## Summary: 

 We estimate the age (DateBP) of the genomes in this notebook.

## Solution Steps: 
1. Accessing the data

2. Exploring the data (initial data analysis)

  2.1. Exploring feature and target distribution
  
3. Preparing the data

  3.1. Cleaning the data

  3.2. Filtering important features

  3.3. Checking missing values

  3.4. Checking for correlation and important features

  3.5. Feature engineering (feature extraction, feature selection)

4. Training model

5. Using the model (Prediction)

6. Evaluating the model (accuracy)

## **Importing libraries**

In [1]:
import pandas as pd
import numpy as np
import seaborn as sns
import matplotlib.pyplot as plt
from scipy import stats
from scipy.stats import zscore,norm
from sklearn.model_selection import StratifiedShuffleSplit
from sklearn.model_selection import train_test_split
from IPython.display import display
from sklearn import metrics
from sklearn.model_selection import cross_val_score
from sklearn.ensemble import RandomForestRegressor
from sklearn.linear_model import LinearRegression
from sklearn.metrics import r2_score
from sklearn.model_selection import KFold
import random
import scipy.stats
import pickle
import warnings
warnings.filterwarnings('ignore')

## **Accessing the data** ##

We have two main datasets, **Ancients** and **Moderns**.

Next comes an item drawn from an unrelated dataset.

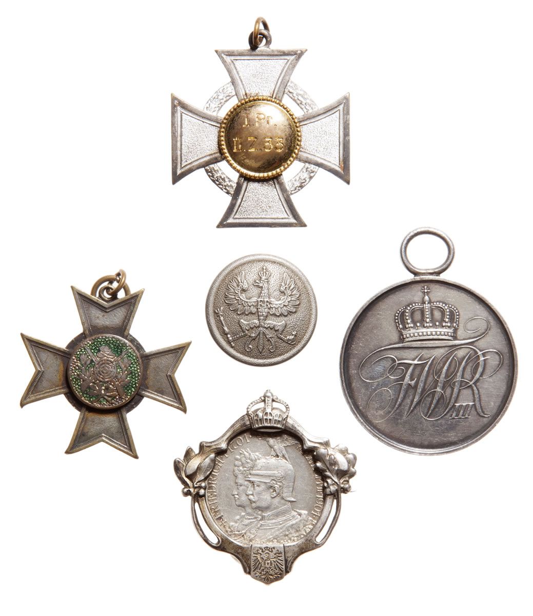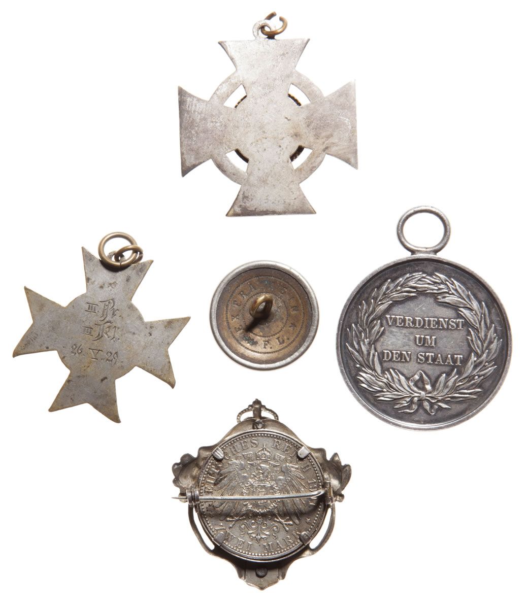 WWI Prussian General Honour Award class II, 40mm silver, FWR cypher; together with silvered sharpshooting crosses x 2, button and silver sweetheart brooch. Lot of five (5) pieces.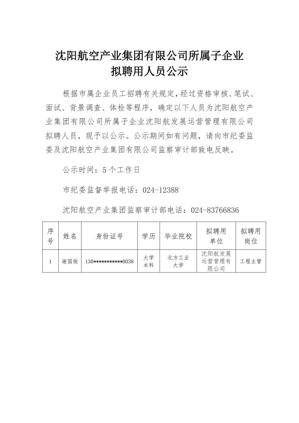 沈阳航空产业集团有限公司所司子企业拟聘用人员公示

 Ancient genomes from Europe and Asia are found in Ancients, while Euroasian genomes with a DataBP of 10 are found in Moderns.

**Note:** 
Dataset files should be available on data folder (Euroasian.xlsx, Euroasian_modern_samples.csv, 20130606_sample_info.xlsx, Test Cases.xlsxm Reich dataset V50.xlsx) 

In [3]:
baseDir='data'
#ancient samples
dataset =  pd.ExcelFile(f"{baseDir}/Euroasian - Dataset_tims.xlsx")
Euroasian = pd.read_excel(dataset, 'Euroasian')
Ancients = Euroasian[[ 'AncientComponent1', 'AncientComponent2','AncientComponent3', 'AncientComponent4', 'AncientComponent5', 'ModernComponent1',
                'ModernComponent2', 'ModernComponent3', 'Date mean in BP in years before 1950 CE [OxCal mu for a direct radiocarbon date, and average of range for a contextual date]'
                ,'Method for Determining Date; unless otherwise specified, calibrations use 95.4% intervals from OxCal v4.4.2 Bronk Ramsey (2009); r:5; Atmospheric data from Reimer et al (2020)'
                , 'Sample ID', 'Country'
                ,'Date standard deviation in BP [OxCal sigma for a direct radiocarbon date, and standard deviation of the uniform disribution between the two bounds for a contextual date]'              
]]

Ancients.rename(columns={
    'Method for Determining Date; unless otherwise specified, calibrations use 95.4% intervals from OxCal v4.4.2 Bronk Ramsey (2009); r:5; Atmospheric data from Reimer et al (2020)':'Dating',
    'Date standard deviation in BP [OxCal sigma for a direct radiocarbon date, and standard deviation of the uniform disribution between the two bounds for a contextual date]':'STD',
    'Date mean in BP in years before 1950 CE [OxCal mu for a direct radiocarbon date, and average of range for a contextual date]':'Mean date (BP)'
},inplace=True)

# modern samples (DateBP = 10)
modern = pd.read_csv(f"{baseDir}/Euroasian_modern_samples.csv")
modern = modern[[ 'AncientComponent1', 'AncientComponent2','AncientComponent3','AncientComponent4', 'AncientComponent5', 'ModernComponent1',
                                'ModernComponent2','ModernComponent3', 'DateBP', 'Sample ID']] 
modern.rename(columns = {'DateBP':'Mean date (BP)'}, inplace=True) 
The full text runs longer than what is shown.